Prompt: John is actually a bee who turned himself human. NO IT MAKES SENSE I SWEAR
So Johnbee is all buzzing around and making honey and stuff and then he's like, "Wow my owner looks kind of sad why does he look sad can I cheer him up :3," and then he like, wishes himself human and then he shows up with a stripey jumper and is all like, "Hi Sherlock I am here to bee your friend."
okay no it actually doesn't make sense at all
(Look, someone else got there first with the true crack fill, okay! Argh, dammit meme.)
bee to the blossom
The virgin Queen flies in summer. The drones congregate, watch and wait, and one warm afternoon (twenty degrees or warmer) she flies and they follow.
One drone does not. He watches the Beekeeper watching them, muttering under his breath, making scentless dance marks on a piece of flattened wood pulp. He smells alone, and there is nothing more abhorrent to a bee.
The drone flies to him and tells him the distance and quickest route to the nearest high-yield flowerbed. Obviously the Beekeeper has lost his way and can't find his hive, but there's a good chance at least some will be among the flowers.
"Not interested in flying?" The Beekeeper says. "I wouldn't be if I were you: succeed and you die, fail and you live until Autumn - when you're killed by the workers."
The drone repeats himself with a little exasperation. Humans. Sometimes they seem so unaware of such basic things: the time of day, the exact distance between obstacles, the most efficient route to what they want.
The Beekeeper watches, scrawls a rudimentary copy of the dance on his wood pulp. "I'm sure it's a very nice patch of flowers," he says after a moment of frowning contemplation. "But it's not for me."
The alone scent gets stronger with his words, and the drone wonders, considers why such good information would make him worse. Perhaps he knows he won't find his hive there, perhaps he is certain because his hive swarmed and he was left behind. Perhaps the winter (the drone has never seen one, never will, and yet he knows it, the same way he can calculate the position of sun in the sky on the opposite side of the Earth) killed them, perhaps illness. Perhaps the flowers died.
The beekeeper watches the swarm, and the drone thinks.
In the two months since the drone has left his cell, the Beekeeper has never brought a companion with him, never acknowledged the need for one. The drone finds this a terrible thing. Nearly half his adult lifetime has passed, and the Beekeeper remains solitary. It is unthinkable. Humans have more time (the old Queen remembers the keeper, and she has reached the near unimaginable age of three summers) but the drone does not, and with the immediacy of something that will not live long, he wants to see the Beekeeper happy now.

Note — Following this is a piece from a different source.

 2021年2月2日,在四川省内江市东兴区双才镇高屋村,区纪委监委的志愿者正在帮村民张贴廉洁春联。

The problem is that the Beekeeper does not seem to realise he is lonely, and makes himself more alone every time he tries to communicate with others of his kind. Human dances, the drone decides, are unnecessarily complex, and his human just a bit hopeless.

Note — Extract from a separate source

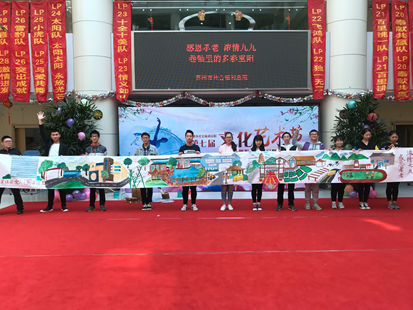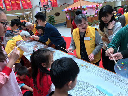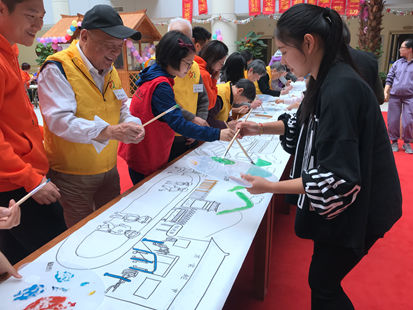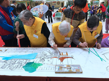 10月28日重阳节上午,为了增添节日气氛,老福中心在共享空间开展“卷轴里的多彩重阳”特别活动。社工提前拟定好作品内容,以“浓情久久,感恩孝老”为主题,以“家在总院”为绘画素材,由来自苏州幼儿师范学校的12位志愿者带着老人,现场调色,共同为画卷上色,为院里老人的生活增添色彩。在创作过程中,老人们或是专心致志,或是笑逐颜开,最终在志愿者的协助下,完成了这幅十米巨作。

Attempting to communicate is an exercise in folly given that they speak two very different languages, and have very different cultures. One of them is going to have to change.
He was right about the problem being language, the drone decides. Humans don't know pheromones when they scent them, and have seemingly decided to give up the knowledge of how to read the body in favour of a language consisting primarily of sounds; no wonder the Beekeeper is constantly misstepping.

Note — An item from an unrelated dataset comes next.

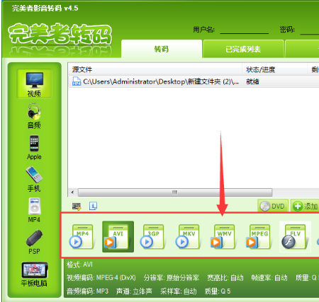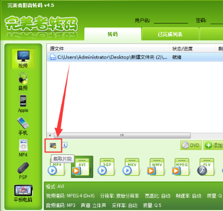 完美者转码截取视频片段的方法

That's okay though, because he can dance for the both of them.
"Why do you stay, John?"
John blinks, still a little unused to way he has to say something obvious when he thought his body did it for him. "Because I like you."
Sherlock makes an exasperated noise, as if the thought is unbelievable. "You could have gone anywhere, done anything - why did you come here?" His body adds 'to me?'
John says at last the first words he said the moment he acquired his new body, the ones he practised constantly to be sure he had them right, the ones more important than what he chose as his name. He says: "I'm here to be your friend."